Stored items from a collection:
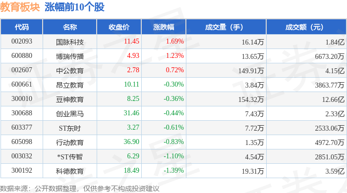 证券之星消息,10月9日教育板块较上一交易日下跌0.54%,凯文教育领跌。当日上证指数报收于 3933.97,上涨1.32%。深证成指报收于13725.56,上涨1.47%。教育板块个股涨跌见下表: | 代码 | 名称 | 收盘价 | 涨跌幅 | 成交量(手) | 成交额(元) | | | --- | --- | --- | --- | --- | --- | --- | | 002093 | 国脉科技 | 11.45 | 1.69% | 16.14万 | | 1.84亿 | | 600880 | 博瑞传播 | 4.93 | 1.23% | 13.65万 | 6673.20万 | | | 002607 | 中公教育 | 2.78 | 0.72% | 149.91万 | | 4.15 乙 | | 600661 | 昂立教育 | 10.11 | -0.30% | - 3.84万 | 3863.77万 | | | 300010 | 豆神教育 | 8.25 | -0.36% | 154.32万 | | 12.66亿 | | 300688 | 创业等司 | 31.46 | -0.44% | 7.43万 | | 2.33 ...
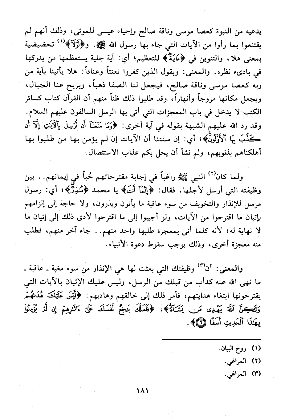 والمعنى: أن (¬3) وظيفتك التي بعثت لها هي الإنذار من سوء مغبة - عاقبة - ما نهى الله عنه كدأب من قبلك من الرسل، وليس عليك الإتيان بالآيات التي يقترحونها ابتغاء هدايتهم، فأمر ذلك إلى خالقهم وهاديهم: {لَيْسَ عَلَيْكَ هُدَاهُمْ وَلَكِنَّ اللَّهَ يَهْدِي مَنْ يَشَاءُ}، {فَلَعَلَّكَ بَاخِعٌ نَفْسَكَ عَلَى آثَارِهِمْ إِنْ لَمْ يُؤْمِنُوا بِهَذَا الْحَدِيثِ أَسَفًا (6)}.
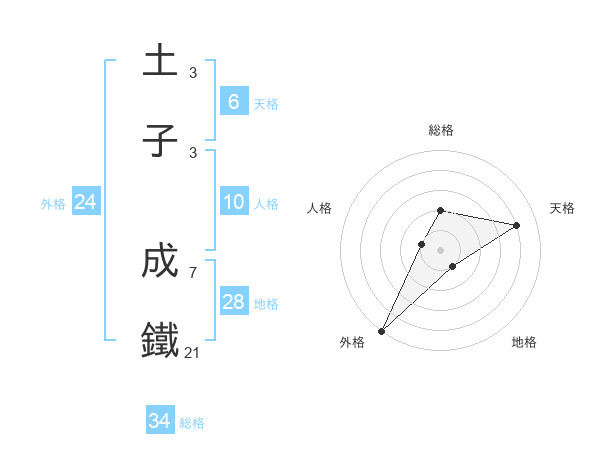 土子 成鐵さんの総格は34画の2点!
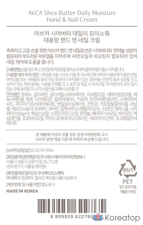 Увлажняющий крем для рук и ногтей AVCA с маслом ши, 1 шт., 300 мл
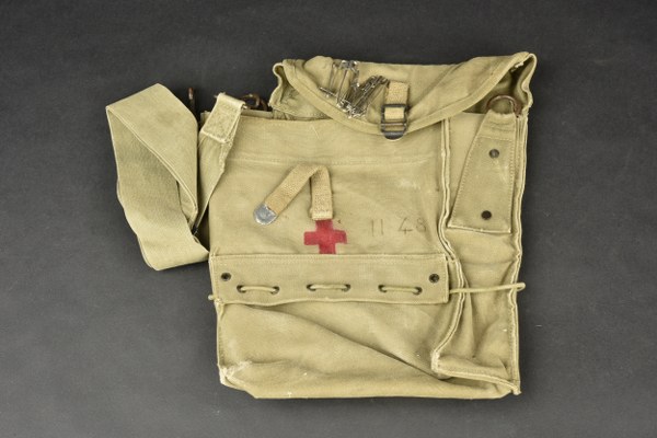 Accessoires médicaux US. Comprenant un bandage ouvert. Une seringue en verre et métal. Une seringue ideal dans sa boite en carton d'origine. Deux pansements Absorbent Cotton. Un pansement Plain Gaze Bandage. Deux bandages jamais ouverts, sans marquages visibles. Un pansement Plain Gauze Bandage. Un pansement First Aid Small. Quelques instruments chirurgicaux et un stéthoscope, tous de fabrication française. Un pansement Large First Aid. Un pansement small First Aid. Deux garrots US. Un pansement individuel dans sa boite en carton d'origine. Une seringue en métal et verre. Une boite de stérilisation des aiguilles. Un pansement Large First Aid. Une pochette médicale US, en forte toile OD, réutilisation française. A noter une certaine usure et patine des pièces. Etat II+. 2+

**Your goal**. The data is to be restated word for word, with any pictures set aside.

**Answer to the problem**.
 证券之星消息,10月9日教育板块较上一交易日下跌0.54%,凯文教育领跌。当日上证指数报收于 3933.97,上涨1.32%。深证成指报收于13725.56,上涨1.47%。教育板块个股涨跌见下表: | 代码 | 名称 | 收盘价 | 涨跌幅 | 成交量(手) | 成交额(元) | | | --- | --- | --- | --- | --- | --- | --- | | 002093 | 国脉科技 | 11.45 | 1.69% | 16.14万 | | 1.84亿 | | 600880 | 博瑞传播 | 4.93 | 1.23% | 13.65万 | 6673.20万 | | | 002607 | 中公教育 | 2.78 | 0.72% | 149.91万 | | 4.15 乙 | | 600661 | 昂立教育 | 10.11 | -0.30% | - 3.84万 | 3863.77万 | | | 300010 | 豆神教育 | 8.25 | -0.36% | 154.32万 | | 12.66亿 | | 300688 | 创业等司 | 31.46 | -0.44% | 7.43万 | | 2.33 ...
 والمعنى: أن (¬3) وظيفتك التي بعثت لها هي الإنذار من سوء مغبة - عاقبة - ما نهى الله عنه كدأب من قبلك من الرسل، وليس عليك الإتيان بالآيات التي يقترحونها ابتغاء هدايتهم، فأمر ذلك إلى خالقهم وهاديهم: {لَيْسَ عَلَيْكَ هُدَاهُمْ وَلَكِنَّ اللَّهَ يَهْدِي مَنْ يَشَاءُ}، {فَلَعَلَّكَ بَاخِعٌ نَفْسَكَ عَلَى آثَارِهِمْ إِنْ لَمْ يُؤْمِنُوا بِهَذَا الْحَدِيثِ أَسَفًا (6)}.
 土子 成鐵さんの総格は34画の2点!
 Увлажняющий крем для рук и ногтей AVCA с маслом ши, 1 шт., 300 мл
 Accessoires médicaux US. Comprenant un bandage ouvert. Une seringue en verre et métal. Une seringue ideal dans sa boite en carton d'origine. Deux pansements Absorbent Cotton. Un pansement Plain Gaze Bandage. Deux bandages jamais ouverts, sans marquages visibles. Un pansement Plain Gauze Bandage. Un pansement First Aid Small. Quelques instruments chirurgicaux et un stéthoscope, tous de fabrication française. Un pansement Large First Aid. Un pansement small First Aid. Deux garrots US. Un pansement individuel dans sa boite en carton d'origine. Une seringue en métal et verre. Une boite de stérilisation des aiguilles. Un pansement Large First Aid. Une pochette médicale US, en forte toile OD, réutilisation française. A noter une certaine usure et patine des pièces. Etat II+. 2+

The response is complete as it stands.